NETGEAR is aware of a growing number of phone and online scams. To learn how to stay safe click here.
Forum Discussion
meritagesue
Mar 04, 2020Aspirant
AX5700 vs AX6000
Is there a comparison chart somewhere that would show me the difference between the AX5700 and AX6000 models? I ordered it from CostCo not realizing there were two different models, and I don't see ...
- Mar 04, 2020
Mostly explained over there ref. the RAX80 (retail) vs. the RAX75 (e.g Costco) already.
The "missing" 300 are coming from the disabled 1024-QAM on the 2.4 GHz :
RBK840:
2.4GHz AX: 4x4 (Tx/Rx) 256-QAM 40MHz, up to 920Mbps
5GHz AX: 4x4 (Tx/Rx) 1024-QAM 160MHz, up to 4.8Gbps
RBK850:
2.4GHz AX: 4x4 (Tx/Rx) 1024-QAM 40MHz, up to 1.2Gbps
5GHz AX: 4x4 (Tx/Rx) 1024-QAM 160MHz, up to 4.8Gbps
Unless you have a large amount of WiFi 6 2.4 GHz devices operating compareably near to the access points (otherwise the 1024-QAM in not very likely to achieve) the Costo version is fine.
meritagesue
Mar 05, 2020Aspirant
do you think there is a noticable difference between the WiFi6 and the older Model RBK53S-100NAS 3 pack that CostCo sells if I don't currently have any WiFi6 products?

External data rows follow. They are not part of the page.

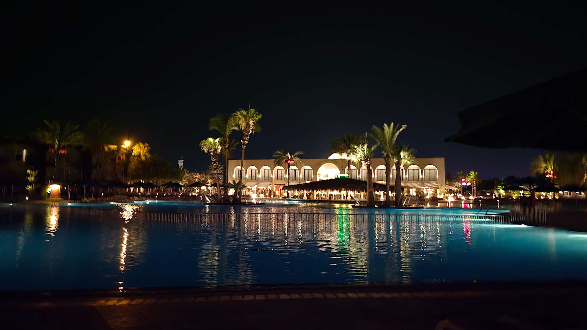 Aussicht über eine der vielen Poolanlagen zur Rezeption / Empfangsbereich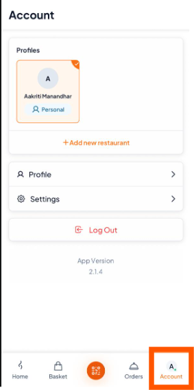 Open the Orderlay app and tap on the "Account" icon at the bottom right of your screen.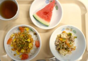 昼食:タコライス、ゴーヤーチャンプルー、すいか、麦茶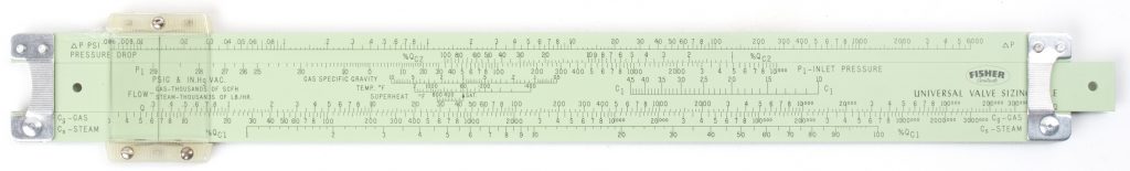 A specialised, full size, all metal rule made by Pickett for Fisher Controls.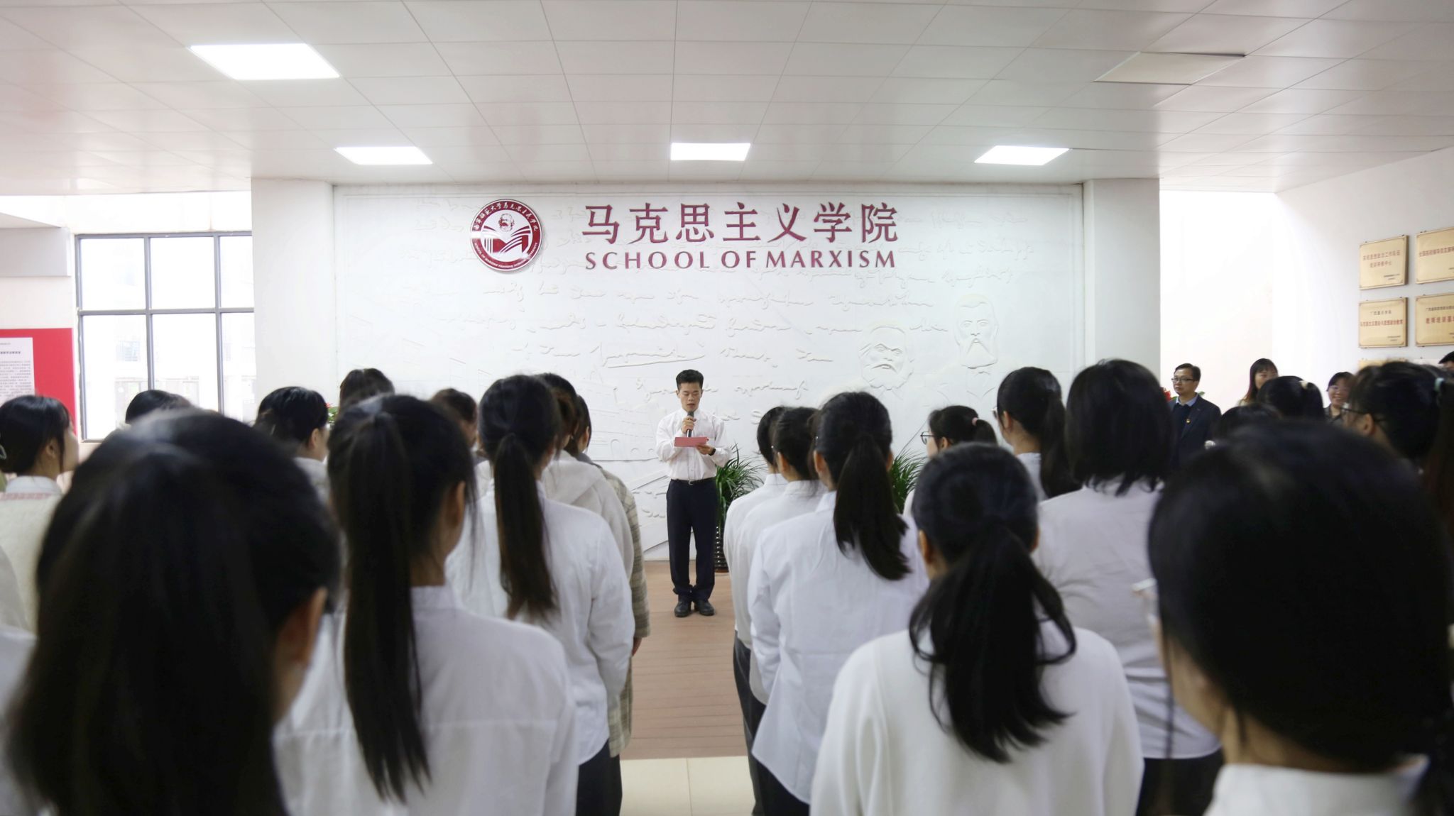马克思主义学院新发展党员入党宣誓仪式于1月9日在五合校区8栋B座2楼马克思主义理论教育广场隆重举行。出席本次活动的有马克思主义学院党委书记李玲、党委副书记黄志海、马克思主义基本原理研究生党支部书记姜黎黎、本科生第一党支部书记李夏阳、本科生第四党支部书记张万景、本科生第五党支部书记王玉香、辅导员黄业毅以及新发展党员们。

My internet is between 200 - 400mbps and I don't have a lot of high bandwidth WiFi products attached. Most of those are hard wired and will be on a switch regardless. I was originally going to do the Orbi 6 just to be future/forward thinking, but I think the cost of those will come down considerably by the time I have any WiFi6 devices so I might be better off spending just the $299 now and then upgrade to WiFi6 in a year or two.
schumaku
Mar 05, 2020Guru - Experienced User
meritagesue wrote:do you think there is a noticable difference between the WiFi6 and the older Model RBK53S-100NAS 3 pack that CostCo sells if I don't currently have any WiFi6 products?

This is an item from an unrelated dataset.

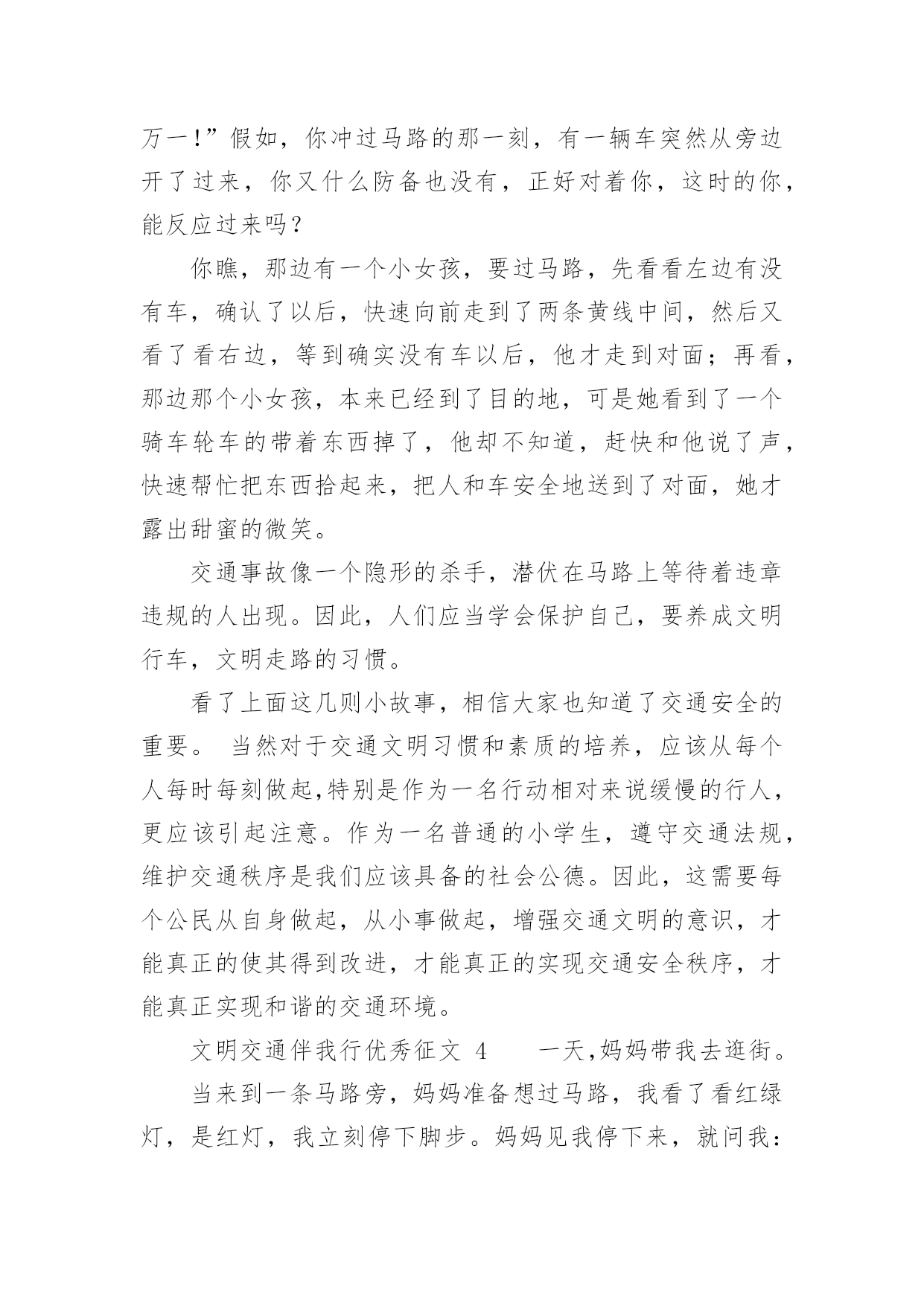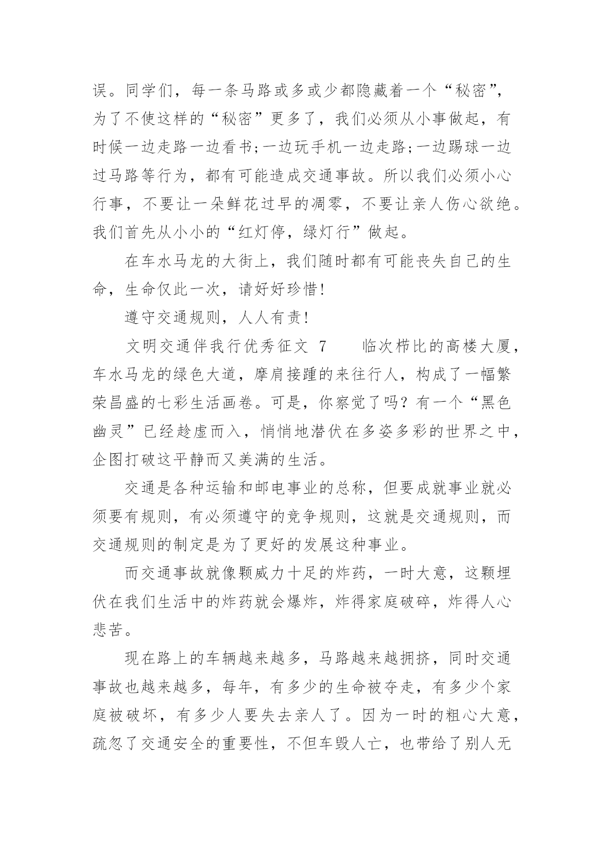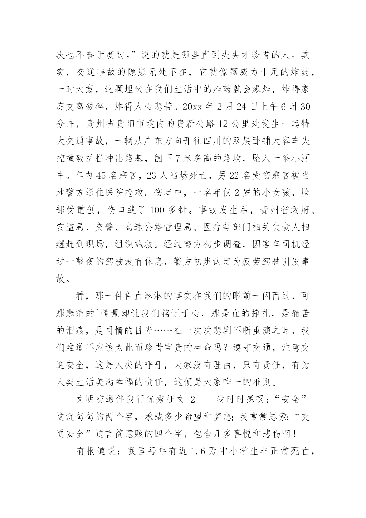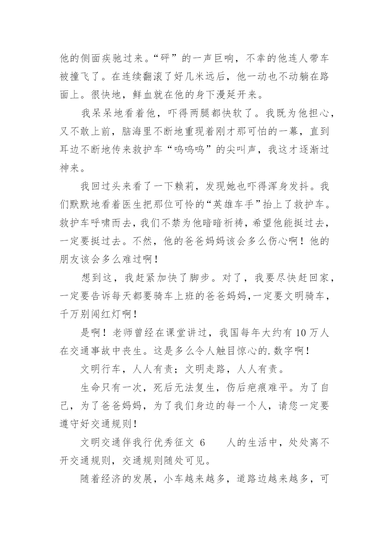 文明交通伴我行优秀征文文明交通伴我行优秀征文(精选21篇)在生活、工作和学习中,大家都经常看到征文的身影吧,借助征文人们可以实现文化交流的目的。一篇什么样的征文才能称之为优秀征文呢?下面是小编帮大家整理的文明交通伴我行优秀征文,欢迎阅读与收藏。文明交通伴我行优秀征文1人的生命是可贵的,人的生命更是极其脆弱的。伴随着人类的进步,社会的发展和科学技术的不断更新,人们生活的现实环境也在发生着翻天覆地的变化。一条条宽阔的马路,一辆辆奔驰的汽车……今天,四通八达的交通网络带来的方便和快捷,促进了现代社会的飞速发展,但随之而来的是那一幕幕鲜血淋漓的人间惨剧。交通事故频繁发生,却极少有人关注到生命的脆弱和交通安全的重要性。在中国每5分钟就有1人因车祸死亡,每1分钟就有1人因车祸伤残,每天死亡人数达到280多人,每年死亡10万多人,全球车祸累计死亡3000多万人。然而,很多人对这一连串惊人的数据却无动于衷,并非交通安全知识宣传力度不够,家长、老师从小学到大学无时无刻、无处不在地提醒我们要注意交通安全,珍爱生命。但就是有人不把这一切放在心上,非得等到惨剧降至自身上才后悔不已。吕凯特曾经说过:“生命不可能有两次,但许多人连一次也不善于度过。”说的就是哪些直到失去才珍惜的人。其实,交通事故的隐患无处不在,它就像颗威力十足的炸药,一时大意,这颗埋伏在我们生活中的炸药就会爆炸,炸得家庭支离破碎,炸得人心悲苦。20xx年2月24日上午6时30分许,贵州省贵阳市境内的贵新公路12公里处发生一起特大交通事故,一辆从广东方向开往四川的双层卧铺大客车失控撞破护栏冲出路基,翻下7米多高的路坎,坠入一条小河中。车内45名乘客,23人当场死亡,另22名受伤乘客被当地警方送往医院抢救。伤者中,一名年仅2岁的小女孩,脸部受重创,伤口缝了100多针。事故发生后,贵州省政府、安监局、交警、高速公路管理局、医疗等部门相关负责人相继赶到现场,组织施救。经过警方初步调查,因客车司机经过一整夜的驾驶没有休息,警方初步认定为疲劳驾驶引发事故。看,那一件件血淋淋的事实在我们的眼前一闪而过,可那悲痛的`情景却让我们铭记于心,那是血的挣扎,是痛苦的泪痕,是同情的目光……在一次次悲剧不断重演之时,我们难道不应该为此而珍惜宝贵的生命吗?遵守交通,注意交通安全,这是人类的呼吁,大家没有理由,只有责任,有为人类生活美满幸福的责任,这便是大家唯一的准则。文明交通伴我行优秀征文2我时时感叹:“安全”这沉甸甸的两个字,承载多少希望和梦想;我常常思索:“交通安全”这言简意赅的四个字,包含几多喜悦和悲伤啊!有报道说:我国每年有近1.6万中小学生非正常死亡,那么每天都有近40名学生意外死亡,相当于每天减少一个班级。这可怕的数字!真叫人触目惊心。每天我们行走在马路上,会时常发现有人骑自行车逆行,有人乱闯红灯横穿马路,有人坐在车里把手伸出窗外,还有的人明知车超载,硬往车上挤……交通违规的例子,不胜枚举。母亲给予了我们生命,让我们能自由呼吸,不断成长,看到了一路的好风景……今天的我们不正是冉冉升起的初阳吗?充满青春活力,散发蓬勃朝气,但是,您可曾想过,当我们离开母亲的怀抱,独立行走在人生道路上时,我们如此美妙的生命靠的是什么?我思来想去,归结成两个字:安全!是“安全”这把拐杖扞卫着我们的生命,维护我们生存的权利。生命是美好的。不讲安全的生存是危险的。在我看来,安全是幸福,为家庭带来欢笑;安全是快乐,让生活充满希望;安全是健康,给你健全的体魄,安全是激情,创造世界,书写历史。金钱诚可贵,速度价更高,若为安全故,二者皆可抛。通江县广钠小学楼道里学生遭遇踩踏时凄厉的惨叫声,江西沁源县二中学生晨练时被拉煤车碾压的'血腥画面,我分明感到,那一个个曾经青春如我,鲜亮如我的生命在逝去时是多么无奈与不甘。这一连串发生在我们身边的并不遥远的事故在以血的代价向我们诉说,威胁人类生命的杀手不是疾病,不是天灾,而是我们忽视交通安全的观念。我们作为一个鲜活的驾驭者,难道不该为自己高贵却又易碎的生命之舟保驾护航吗?时光飞逝,岁月轮回,从欢乐到悲伤,从成功到失败,生与死的距离何其遥远却又何其相近:也许就是你一个偶然的疏忽,一个盲目的行为,一丝侥幸的心理,让生命瞬间付出了昂贵代价,终生无法弥补!生命的河流,需要“交通安全”做坚固的护堤;生命的画卷,需要“交通安全”这枝笔来描绘。生命的鲜花,需要“交通安全”的绿叶衬出其千娇百媚!让我们从现在开始,用生命的全部力量,唱响安全主旋律,谱写时代新篇章!文明交通伴我行优秀征文3交通安全”这个词相信大家都很熟悉并不陌生,因为从我们刚会走路到上一年级开始,爸爸妈妈、老师就一直嘱咐我们“注意交通安全”“过马路的时候要左右看”。行走时的一次走神,过马路时的一次侥幸,开车时的一次违章,仅仅是一次小小的疏忽,这一切都

Absolutely not - because the large majority of older e.g. 802.11ac wireless clients don't support 1024-QAM (and 160MHz bandwidth) on 2.4 GHz anyway.
Even if you will get WiFi 6 clients - 2.4 GHz with 1024-QAM is typically possible on shorter distances only - where 5 GHz (or an Ethernet cable, or a fiber, ...) will outperform it anyway.